## REQUIRED ACTION:
Beginning with the line that holds "Хорошо перемешайте фарш, чтобы" in the data below, give again every line through the one that holds "實木花架仿紅木新中式傢用客廳仿古花幾室內置物架榆木盆景架園藝 陽臺花架 花盆", exactly as written.

## SOURCE DATA:
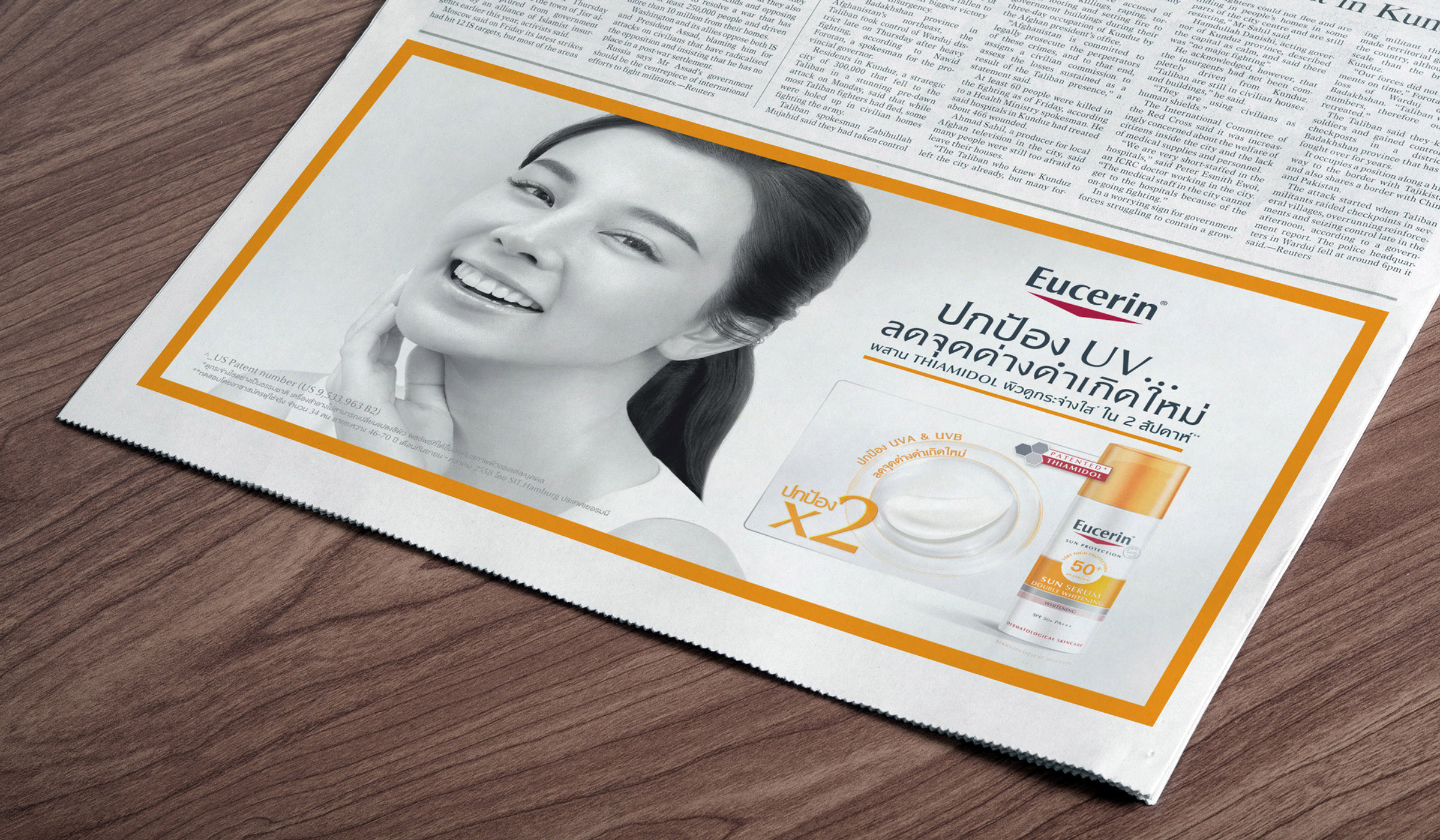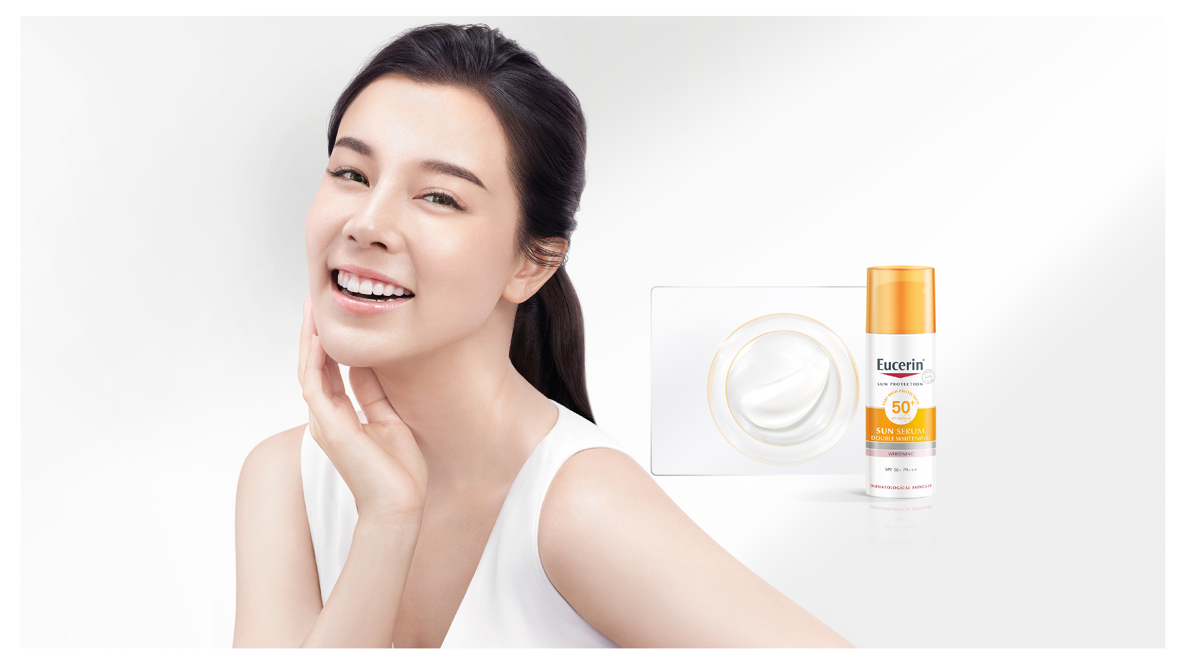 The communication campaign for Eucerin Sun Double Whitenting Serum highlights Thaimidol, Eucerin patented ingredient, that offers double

==

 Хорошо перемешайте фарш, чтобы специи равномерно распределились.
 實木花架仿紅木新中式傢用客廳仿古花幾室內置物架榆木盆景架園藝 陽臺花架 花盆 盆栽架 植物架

...

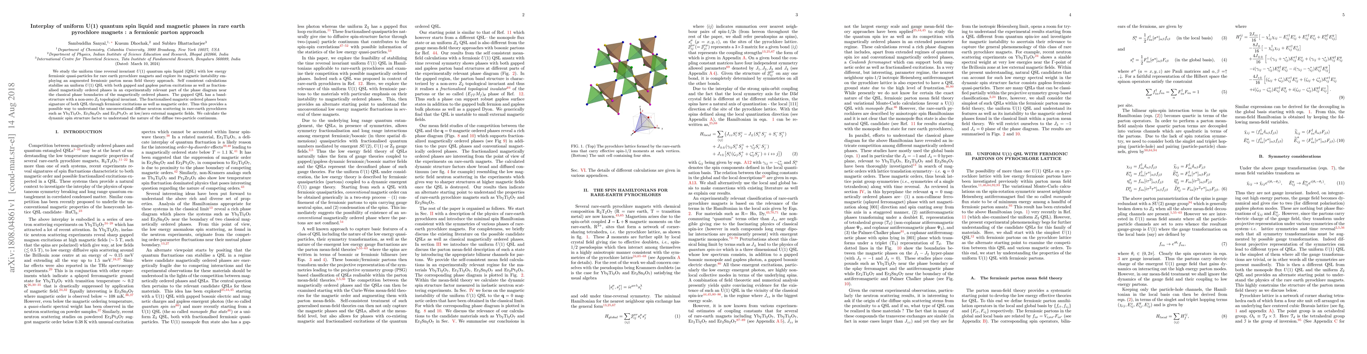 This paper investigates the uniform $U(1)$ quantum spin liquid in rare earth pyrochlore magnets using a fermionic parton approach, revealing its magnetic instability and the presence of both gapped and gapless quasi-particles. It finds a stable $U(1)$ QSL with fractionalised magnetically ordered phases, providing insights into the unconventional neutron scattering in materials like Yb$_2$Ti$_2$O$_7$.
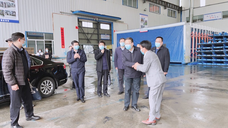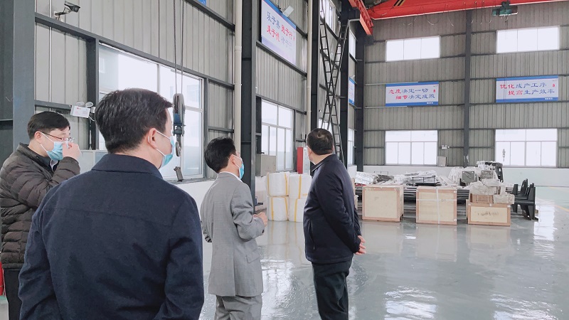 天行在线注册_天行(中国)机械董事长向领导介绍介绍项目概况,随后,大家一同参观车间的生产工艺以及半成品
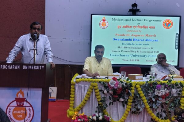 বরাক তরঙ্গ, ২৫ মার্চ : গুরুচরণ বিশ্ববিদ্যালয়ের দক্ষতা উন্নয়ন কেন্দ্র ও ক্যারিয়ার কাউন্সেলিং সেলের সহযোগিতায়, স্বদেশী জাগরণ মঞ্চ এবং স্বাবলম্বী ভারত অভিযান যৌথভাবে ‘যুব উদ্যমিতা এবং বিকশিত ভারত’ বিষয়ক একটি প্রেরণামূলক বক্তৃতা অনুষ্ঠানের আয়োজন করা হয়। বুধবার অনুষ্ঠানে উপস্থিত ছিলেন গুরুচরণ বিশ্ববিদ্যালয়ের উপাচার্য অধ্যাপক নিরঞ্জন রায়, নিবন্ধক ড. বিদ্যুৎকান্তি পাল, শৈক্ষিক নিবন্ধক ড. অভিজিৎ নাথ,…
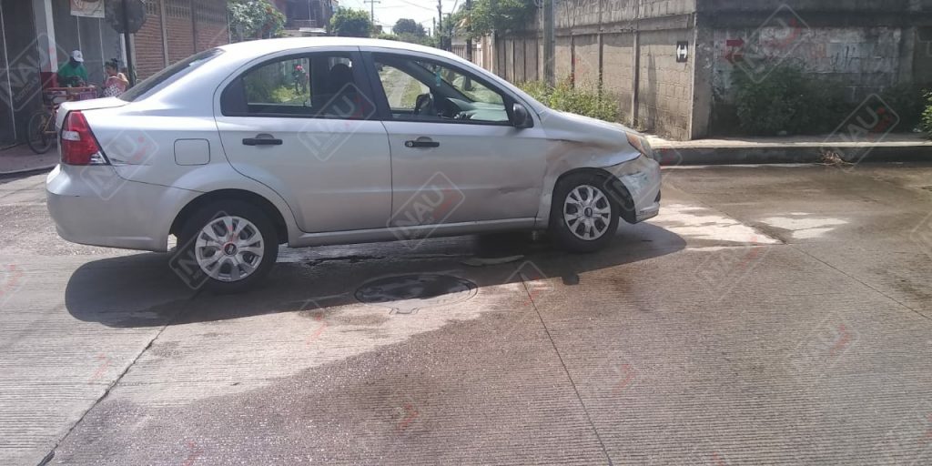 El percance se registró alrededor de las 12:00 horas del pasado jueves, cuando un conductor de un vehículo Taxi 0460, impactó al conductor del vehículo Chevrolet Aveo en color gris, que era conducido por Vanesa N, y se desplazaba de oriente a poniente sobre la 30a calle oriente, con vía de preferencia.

## ANSWER SECTION:
 Хорошо перемешайте фарш, чтобы специи равномерно распределились.
 實木花架仿紅木新中式傢用客廳仿古花幾室內置物架榆木盆景架園藝 陽臺花架 花盆 盆栽架 植物架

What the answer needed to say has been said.